Chelm Jewish Cemetery
Cemetery Information
Historical overview
Chełm was founded c. 1240 as part of Rus and was the capital of the duchy. During the time of alliance with the Polish crown it was established as a city in 1392 by King Władysław Jagiełło. It was the capital of the Ruskie voivodeship. The city was affected by wars taking place in the mid-17th century. During the Russian occupation, Chełm was the county capital in the Lublin province. In independent Poland it was a county city in the Lubelskie voivodeship. In 1939 there were around 33 thousand residents, with around15 thousand of them Jewish.

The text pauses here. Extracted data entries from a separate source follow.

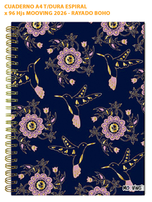 CUADERNO A4 T/DURA ESPIRAL x 96 Hjs MOOVING 2026 - RAYADO BOHO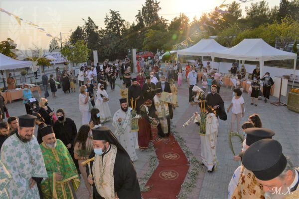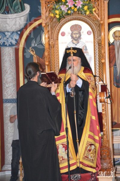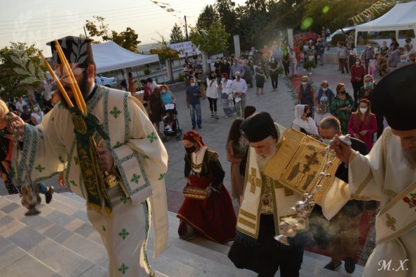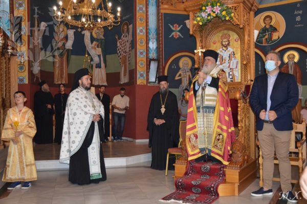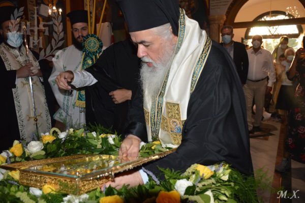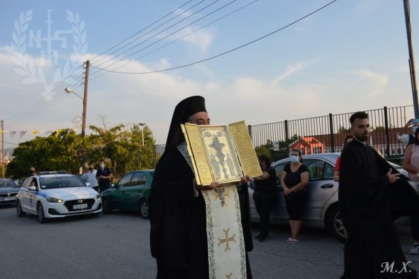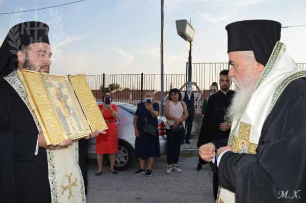 Ο Σεβασμιώτατος κ. Βαρνάβας νωρίτερα υποδέχθηκε τεμάχιο του Τιμίου Σταυρού, το οποίο έθεσε προς προσκύνηση του πιστού λαού.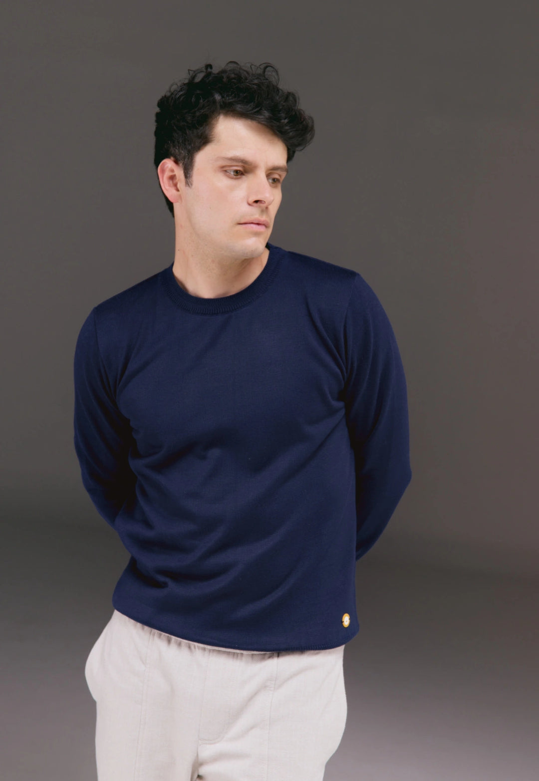 El Buzo Robert es un saco confeccionado en un tejido delgado que lo hace ideal para usar en diversas estaciones del año. Su diseño cuenta con un cuello redondo, elegante y un atractivo diseño en hilo con textura de espina de pescado, que añade un elemento distintivo a la prenda. Los ribetes acanalados en los puños y en la parte baja refuerzan su estilo clásico.

Jewish residents settled in Chełm in the second half of the 15th century. In historical documents they appear as a kehilla paying the crown tax in 1507. In 1939 Jewish residents comprised approximately 45% of the total population. During 1942 the local Jews were gradually being transported to the death camp in Sobibór.

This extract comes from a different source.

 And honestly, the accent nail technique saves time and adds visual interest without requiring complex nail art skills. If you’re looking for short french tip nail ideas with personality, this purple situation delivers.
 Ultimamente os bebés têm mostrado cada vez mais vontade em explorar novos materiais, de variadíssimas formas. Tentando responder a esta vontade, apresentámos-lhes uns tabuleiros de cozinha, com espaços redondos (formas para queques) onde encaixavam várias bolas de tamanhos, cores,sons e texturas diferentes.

The Jewish cemetery was most likely founded toward the end of the 15th century, approximately 1 km north of the town centre. Its age can be approximated by a matzevah discovered in 2019 dating back to 1514. According to city plans from 1823, the cemetery was roughly shaped like an elongated rectangle with an east-west axis, with small additional grounds on the southeast corner, and had an acreage of 15,850 square metres in 1829. Its area was in time expanded several times. Toward the end of the 19th century the local government forced the community to close the old and establish a new cemetery. Despite the fact that a plot was purchased by the kehilla in 1910, a new cemetery was not founded. In the interwar period, the area of the existing cemetery was expanded in the south and west. During World War II the cemetery was destroyed. German occupying forces used matzevot, forcibly removed by Jews, to pave roads, sidewalks and courtyards in front of offices and the police hearquarters. Individual and mass executions were carried out in the cemetery, and it was a burial site for victims of executions across the city.
After the war, the cemetery was a burial site for exhumed remains of victims across the town and area, as well as those who died after the war. The stealing of tombstones for other uses was continued by the residents of the town and neighbouring villages. In the 1960s the southern area of the cemetery, where some tombstone remains were preserved, was fenced. The northern area became a square. From the beginning of the 1990s, matzevot found in the city were brought to the cemetery. In 1994, funded by the Nissenbaum family, most of the cemetery was fenced. An area of approximately 20 meters in the north remained unfenced (a road, lawns, and sidewalk), as well as an area of approximately 20 meters to the east, occupied by a BP petrol station. In 1996 a memorial was erected in the central part of the fenced area. It includes concrete stelae with fragments of tombstones placed beside the monument irregularly in the northern part of the fenced part of the cemetery. Tombstones recovered in the 21st century were placed beside the memorial and are slowly falling into disrepair. Since 1995, descendants of Jews from Chełm began to erect concrete, and in time granite, stelae in the northern fenced part of the cemetery, which is dedicated to the memory of their families. This practice continues until today. Erecting memorials in the place of others’ burials does not align with regulations set by the Rabbinic Committee of Cemeteries. Until today, there are approximately 150 remaining matzevot or their fragments, partly in situ, in the southern part of the cemetery, and there are over a hundred matzevot placed beside the memorial. Currently the cemetery is owned by the city, which maintains the overgrown area.